***** Available records *****

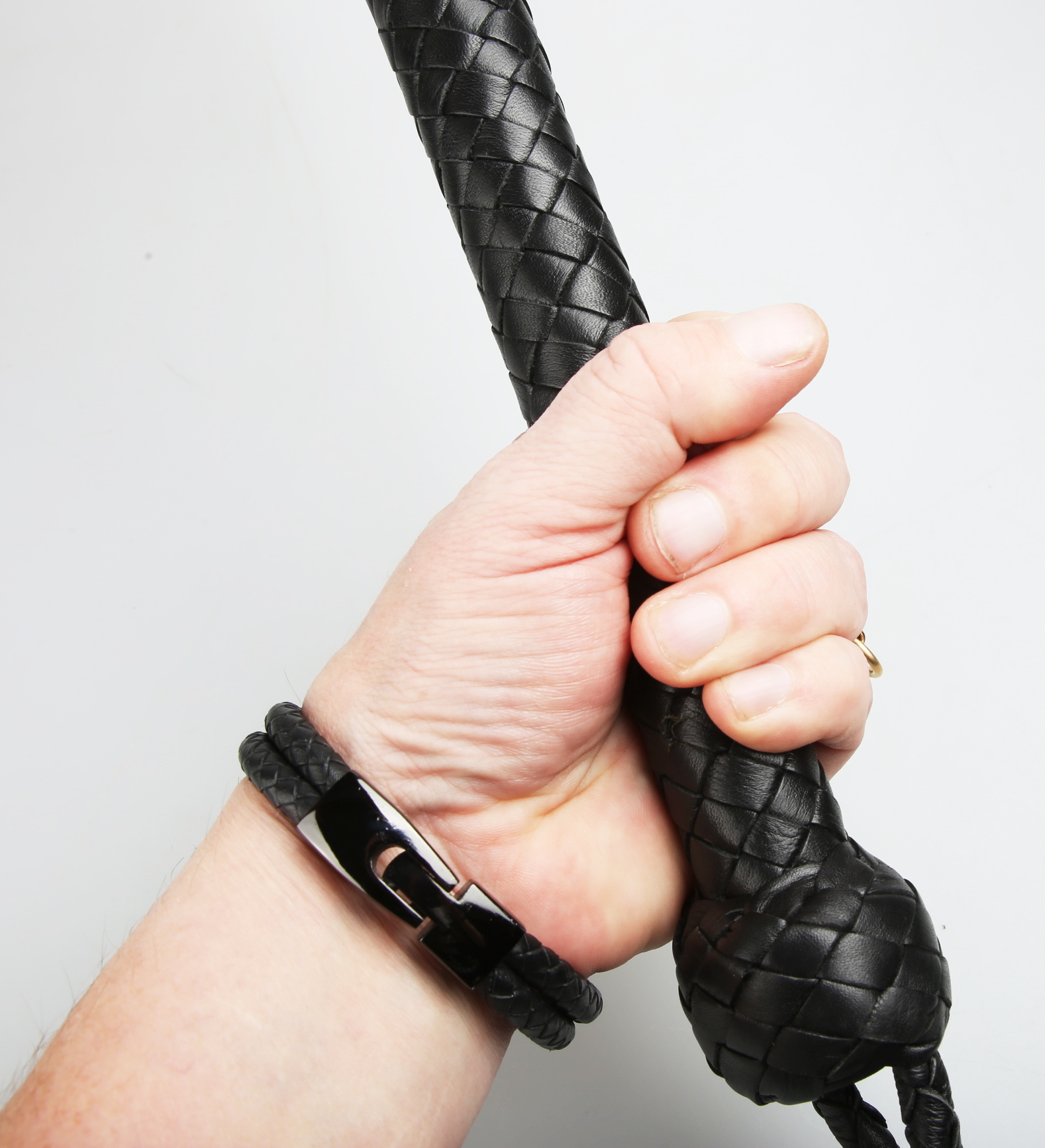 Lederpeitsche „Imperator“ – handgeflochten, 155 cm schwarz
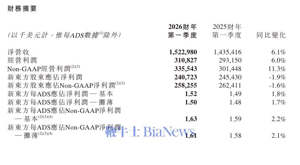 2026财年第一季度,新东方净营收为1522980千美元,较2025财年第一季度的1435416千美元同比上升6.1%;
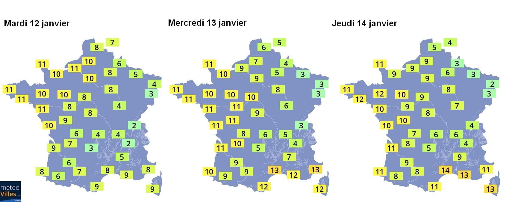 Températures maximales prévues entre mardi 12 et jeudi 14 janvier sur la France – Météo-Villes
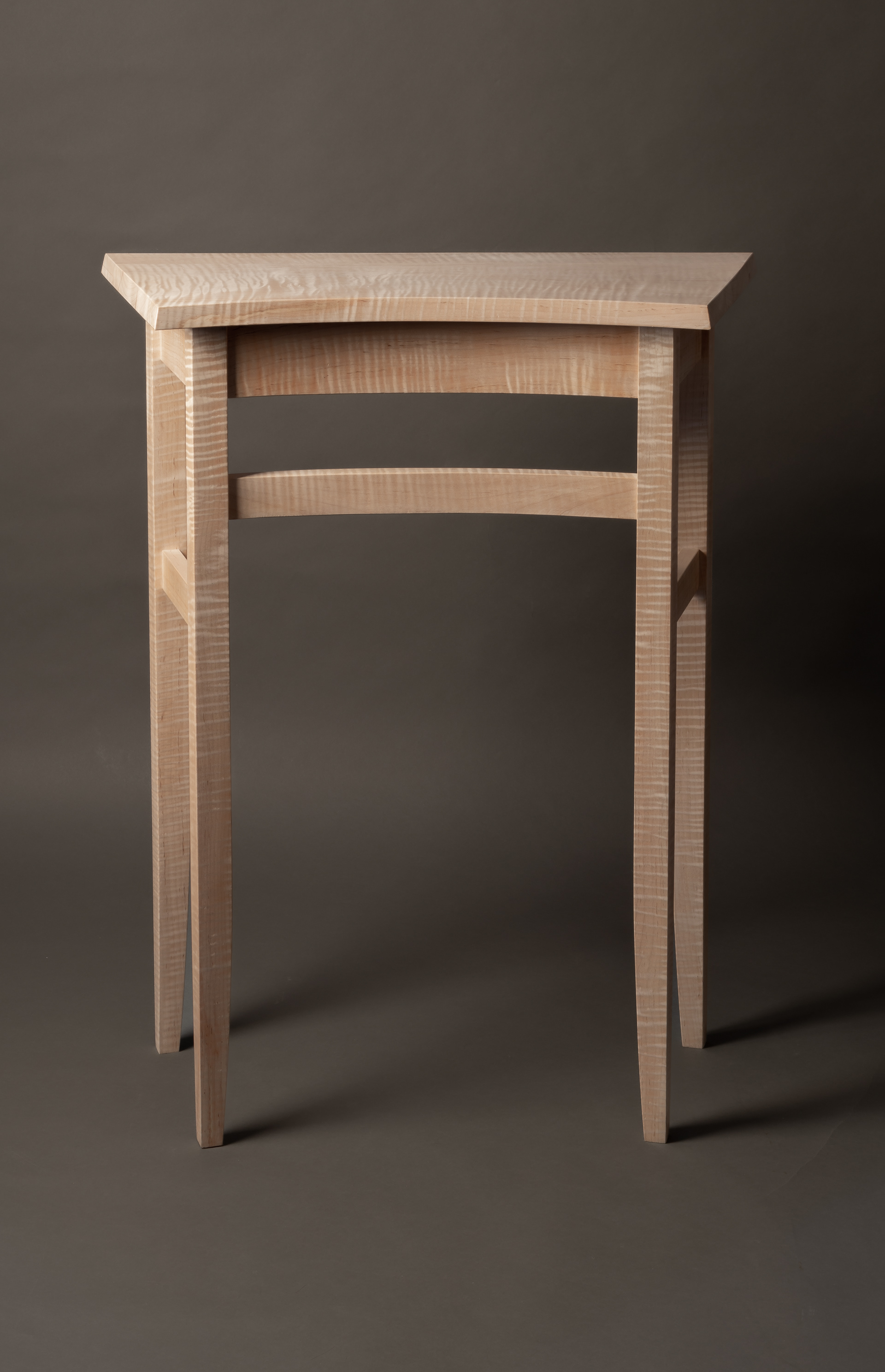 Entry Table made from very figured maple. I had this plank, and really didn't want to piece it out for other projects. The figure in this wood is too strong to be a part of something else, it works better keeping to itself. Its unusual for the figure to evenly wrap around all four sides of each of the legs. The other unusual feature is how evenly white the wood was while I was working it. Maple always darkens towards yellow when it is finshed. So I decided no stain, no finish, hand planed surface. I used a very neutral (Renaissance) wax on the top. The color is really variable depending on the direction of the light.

*****
***** Available records *****

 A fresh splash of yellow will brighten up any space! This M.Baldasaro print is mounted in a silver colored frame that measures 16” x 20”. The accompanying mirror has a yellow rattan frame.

*****

**Work to be completed**
From the records above, quote word for word only the lines beginning at the line that has "155 cm schwarz" and stopping after the line that has "Entry Table made". Omit the pictures.

**Solution to this task**
 Lederpeitsche „Imperator“ – handgeflochten, 155 cm schwarz
 2026财年第一季度,新东方净营收为1522980千美元,较2025财年第一季度的1435416千美元同比上升6.1%;
 Températures maximales prévues entre mardi 12 et jeudi 14 janvier sur la France – Météo-Villes
 Entry Table made from very figured maple. I had this plank, and really didn't want to piece it out for other projects. The figure in this wood is too strong to be a part of something else, it works better keeping to itself. Its unusual for the figure to evenly wrap around all four sides of each of the legs. The other unusual feature is how evenly white the wood was while I was working it. Maple always darkens towards yellow when it is finshed. So I decided no stain, no finish, hand planed surface. I used a very neutral (Renaissance) wax on the top. The color is really variable depending on the direction of the light.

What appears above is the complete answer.